Saltar al contenido
Relatos Ardientes

La tanga que dejé en el portafolio del profesor

Me llamo Camila y tengo dieciocho años. Mido un metro cincuenta y dos, soy menudita y tengo el pecho más grande de lo que parece a primera vista. Llevaba el uniforme como casi todas: ni demasiado largo ni demasiado corto. Lo único distinto era que prefería la falda un poco floja en la cintura. No por cómoda. Era para que cualquier movimiento la subiera un poco más.

Todo empezó un lunes cualquiera. Tenía clase de literatura con el profesor Andrade a primera hora. Andrade andaba por los treinta y tantos, pelo entrecano, lentes de armazón delgado que se acomodaba en el puente de la nariz cuando algo lo distraía. Esa mañana se acomodó los lentes muchas veces.

Yo cruzaba las piernas. Es algo que hago sin pensar cuando me aburro. Pero esa mañana, mientras lo escuchaba leer un fragmento de un libro que ya ni recuerdo, noté que no estaba mirando el libro. Estaba mirándome a mí. Más exacto: estaba mirándome las piernas.

Hacía dos semanas que había empezado a usar tangas en lugar de los calzones de algodón que me ponía mi mamá en la mochila al inicio del semestre. No por nadie. Por mí. Porque me gustaba sentirme adulta. Esa mañana llevaba una negra, sencilla, de un cajón que mi prima me había regalado.

—Camila —dijo de pronto—, acércate al escritorio un momento.

Me levanté. La falda se me ajustó al subirme la mochila al hombro y fingí no notarlo. Cuando llegué al escritorio, él habló bajo, mirándome a los ojos y nunca más abajo.

—Estás distrayendo a tus compañeros. Cierra las piernas.

Lo dijo serio. Pero la voz le tembló un poquito al final. Yo asentí, le sonreí como una niña buena y volví a mi lugar.

Volví a cruzar las piernas. Y descrucé. Y crucé otra vez. Hasta que él dejó de pararse de la silla, hasta que entendí que estaba acomodándose el pantalón debajo del escritorio. Lo tengo.

Sonó el timbre y salimos. No me miró al despedirse.

Esa tarde, en mi cuarto, me toqué pensando en él. Me imaginé cómo se vería viéndome. Me imaginé qué estaría haciendo él en su casa pensando en mí.

***

Al día siguiente fui más decidida. Me puse una tanga rosa pálida, casi blanca, que se me veía un poco más pegada.
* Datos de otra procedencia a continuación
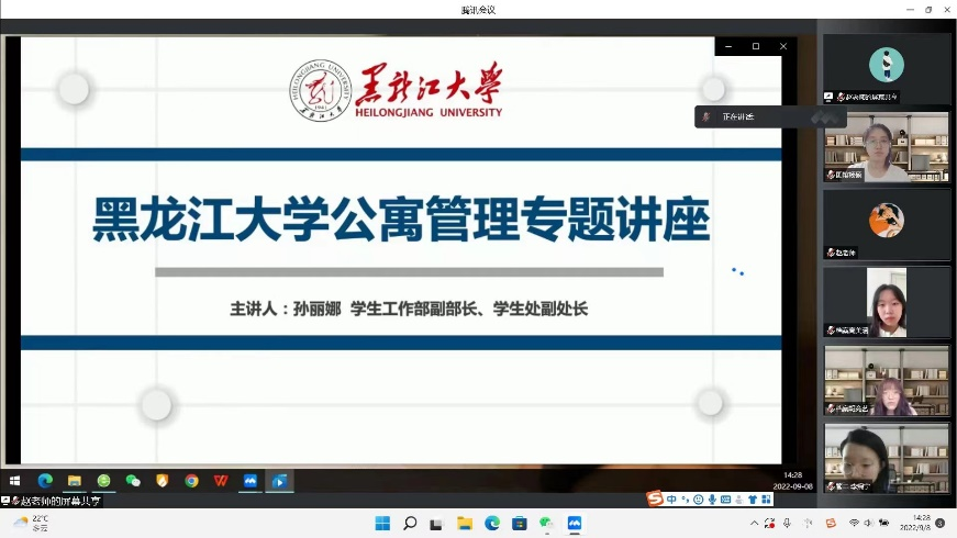 寝室作为我们的第二个“家”,是我们生活、休息、学习的重要场所,为帮助2022级新生树立宿舍安全防范意识,B体育于2022年9月8日下午15:30通过腾讯会议开展了公寓安全管理专题讲座。学生工作部副部长、学生处副处长孙丽娜老师担任主讲人,B体育团委副书记、2022级辅导员王硕老师及2022级全体新生参加本次活动。

Llegué a clase con la cabeza llena de planes y me senté en la primera fila. Andrade entró, pasó lista, comenzó a explicar algo de Sor Juana. Yo abrí las piernas un poco. No mucho. Lo justo para que, si miraba, viera.

Miró.

—Camila, al escritorio.

Esta vez se inclinó hacia adelante. Habló todavía más bajo.

—No juegues así conmigo. No me voy a aguantar después.

Yo me hice la tonta.

—Profe, ¿puedo ir al baño?

Asintió sin mirarme. Salí, caminé despacio hasta el baño del segundo piso, me encerré en un cubículo y me bajé la tanga. La doblé y la guardé en la bolsa interior del suéter del uniforme. Me subí la falda apenas un dedo más arriba de lo permitido. Volví al salón.

Cuando me senté, abrí las piernas. Lentamente. Sin mirarlo. Lo escuché tragar saliva. Le sonreí con los labios cerrados y volví a cruzarlas.

Quince minutos después se acercó a mi banco fingiendo revisar un ejercicio.

—¿Y la ropa interior? —murmuró sin mirarme.

—Me la quité, profe.

—Dámela.

—¿Cómo?

—La que traes en la bolsa. Dámela.

Le dije que no. Que era mía, que me la habían regalado. Él me ofreció algo a cambio: en la próxima clase me la devolvía con una sorpresa. Lo pensé tres segundos. La saqué con cuidado, doblada en un cuadrado pequeñito, y se la pasé como quien le pasa una nota. Él la guardó en el portafolio sin disimular del todo.

Volvió al frente. Continuó la clase. Yo seguí abriendo las piernas.

***

Tuve que esperar dos días. Dos días en los que no podía dormir pensando qué hacía él con mi tanga. Si la había olido. Si la había guardado en algún cajón. Si la había usado.

El viernes llegué temprano. Me fui al baño antes de su clase, me bajé los calzones del día y los metí en la mochila. Sin tanga, sin calzones, solo la falda y el aire en la piel. Cuando llegué a mi banco no pude sentarme con tranquilidad. Sentía cada movimiento.

Andrade entró. Me buscó con la mirada y me sostuvo dos segundos. Empezó a pasar lista. Cuando llegó a mi nombre, en lugar de marcar y seguir, se acercó a mi lugar. Me dejó un sobre blanco en el banco, cerrado con un sticker.

—Esto es tuyo —dijo en voz baja—. Ve al baño y póntelo. Ahora.

Lo dijo adelante de toda la clase, pero nadie se enteró. Hablábamos así de bajito.

Salí. En el baño abrí el sobre. Mi tanga estaba ahí, doblada con cuidado. Olía a perfume y a otra cosa que no era perfume. Algo más espeso, más íntimo. Acerqué la tela a la nariz y supe lo que era. Me la puse igual. Me la subí más arriba de lo normal, me la ajusté para que se me marcaran los labios, me bajé la falda al lugar de siempre y volví al salón con las piernas un poco temblorosas.

Me senté. Abrí las piernas. Andrade sonrió por primera vez en la clase.

—Camila es una alumna muy obediente —dijo a todo el grupo, sin dejar de verme—. Más tarde la voy a llevar a la biblioteca para premiarla con una sorpresa.

Algunos rieron. Pensaron que era broma.

***

La hora antes de su sorpresa fue la más larga de mi vida. Me costaba poner atención en química. Pensaba en lo que tenía puesto, en el olor que cargaba conmigo, en lo que iba a pasar cuando él volviera por mí.

Y volvió. Tocó la puerta del salón quince minutos antes del timbre y le explicó al profesor de química que necesitaba mi ayuda en la biblioteca con un proyecto interescolar. El otro maestro me dijo que llevara mis cosas, por si no alcanzaba a regresar.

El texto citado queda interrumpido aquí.